We have got to stop with the body shaming. And it starts with me; it starts with each and every one of us. So, if you're up for it, walk alongside me in this challenge. If you hear me talk poorly about myself or my body, stop me. Speak truth to me. And if you want, reach out to me and I will do the same for you. It's time for us to love all of God's creation.

Comments

  1. Response from the Dad in the Mirror:

    It happens often. The dad wakes up to get ready to go and provide for his family. He too steps in front of a mirror and often quickly glances away, wondering whether or not to shave? You see, if he shaves he actually has to look at himself in order not to hack his face up. The problem is that the dad then has to look at himself, and something tries to convince him that he isn’t THE MAN he needs to be. Somehow he just isn’t good enough!

    He instantly wonders if he still has enough to be attractive to his wife after all these years. He then begins to think about whether he still has what it takes to be attractive to his employer as a good employee. If he continues to stare, his mind begins to question if he was and is good enough and strong enough to provide for his kids. After all, that is the model that he learned from his dad. Get up and get out and make it happen.

    Of course, the longer he dwells on that model he begins to realize that he has become his dad, and additional thoughts awaken. What has he done? Oh the times he screwed up, the times he has fought so hard not to make the same mistakes that were made by his dad during his attempt to be different from his dad and the way he was treated as a kid.

    He thinks about the repetitive speeches about working hard and not becoming a bum so that you won’t let your own family down one day. He thinks about his good intentions of encouraging his kids to fight off the bulge that seemingly runs on his side of the family, never realizing the hurt he causes instead. After all, you need to somehow be attractive in many ways: for your future spouse, your future employer, and so your kids can look at you and not be disgusted. Oh the pain of improperly chosen words of seeming encouragement and the realization that he has hurt the ones he loves most, yet again.

    He thinks about the countless times he got angry over broken things that he had worked so hard to obtain for his family. He thinks about the missed opportunities of providing loving affection that was so desperately needed in the moment.

    Unfortunately, the dad in the mirror has gotten many of these ideas wrong and has allowed the pressure of being THE MAN cloud his understanding and judgment.

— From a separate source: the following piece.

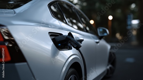 Sleek white electric sedan charging at a public station in a quiet urban area during early evening, highlighting modern eco-friendly transportation and the shift toward sustainable electric mobility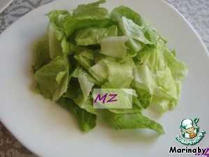 Листья салата порвать руками и выложить порционно горкой на тарелку.

    This dad finally decides it’s time to splash some cold water on his face in order to disguise the tears in his own eyes, lest one of the ones he wants to be loved by the most should walk in and further confirm he isn’t THE MAN he has worked so hard to be.

    Amazingly however, this dad picks up a towel dries off his face and continues his day by picking up a leather bound gem full of instructions on how to become the man that GOD has created him to be. He learns that mercy is new every morning, and that it’s never too late to admit wrongs and seek forgiveness. He learns that God is faithful and just to forgive him for thinking all these crazy thoughts when he simply offers them up in surrender.

    This dad continues to learn what it means to love and cherish his wife and kids and just how important the matters of the heart really are. This dad continues to learn that if he will ultimately seek God’s Kingdom first that he will be more than enough of a man to love and serve his family.

    Finally, this dad recognizes the need to offer an apology for any words that would have caused his daughter to ever repeat the cycle of looking in the mirror with thoughts of shame and guilt over appearance. This dad not only hopes, but prays that his daughter sees beyond all of his failures and inconsistencies and sees that his heart is truly to be a great daddy to her, thus acting more and more like his Dad in heaven acts towards him.

    The truth, as his daughter reminds him, is that we are fearfully and wonderfully made, and that we are being made more like Christ. It’s a daily fight!